Task description — If pictures appear in the lines below, skip them and copy exactly the lines from the one containing "このテント、買った時もここの" through the one containing "Elegant updo hairstyle", and nothing else.

Excerpted data —
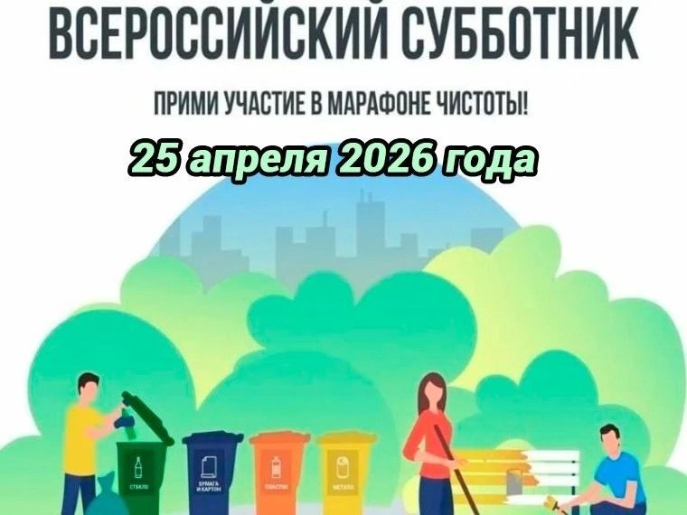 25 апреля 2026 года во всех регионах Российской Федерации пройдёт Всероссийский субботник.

...

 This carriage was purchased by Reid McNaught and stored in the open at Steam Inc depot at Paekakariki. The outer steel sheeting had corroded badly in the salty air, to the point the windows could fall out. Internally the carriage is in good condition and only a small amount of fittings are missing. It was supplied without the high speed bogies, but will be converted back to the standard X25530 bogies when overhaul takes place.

==

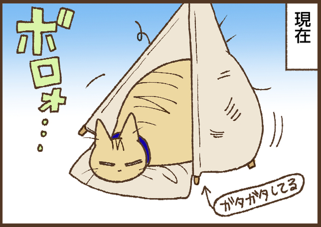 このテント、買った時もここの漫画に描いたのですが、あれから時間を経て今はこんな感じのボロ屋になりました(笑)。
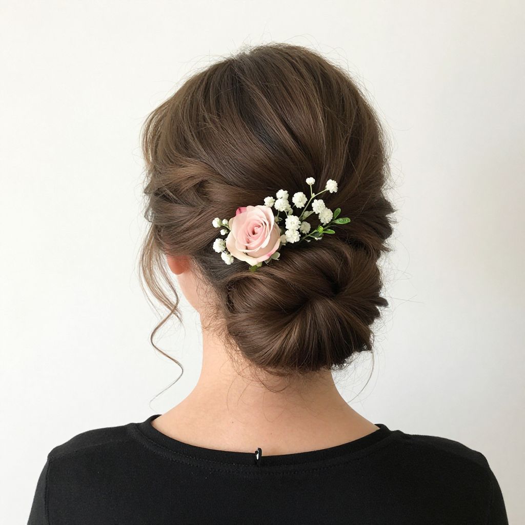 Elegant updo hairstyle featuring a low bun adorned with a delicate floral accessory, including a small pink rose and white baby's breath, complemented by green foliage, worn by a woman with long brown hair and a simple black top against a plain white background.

Your response —
 このテント、買った時もここの漫画に描いたのですが、あれから時間を経て今はこんな感じのボロ屋になりました(笑)。
 Elegant updo hairstyle featuring a low bun adorned with a delicate floral accessory, including a small pink rose and white baby's breath, complemented by green foliage, worn by a woman with long brown hair and a simple black top against a plain white background.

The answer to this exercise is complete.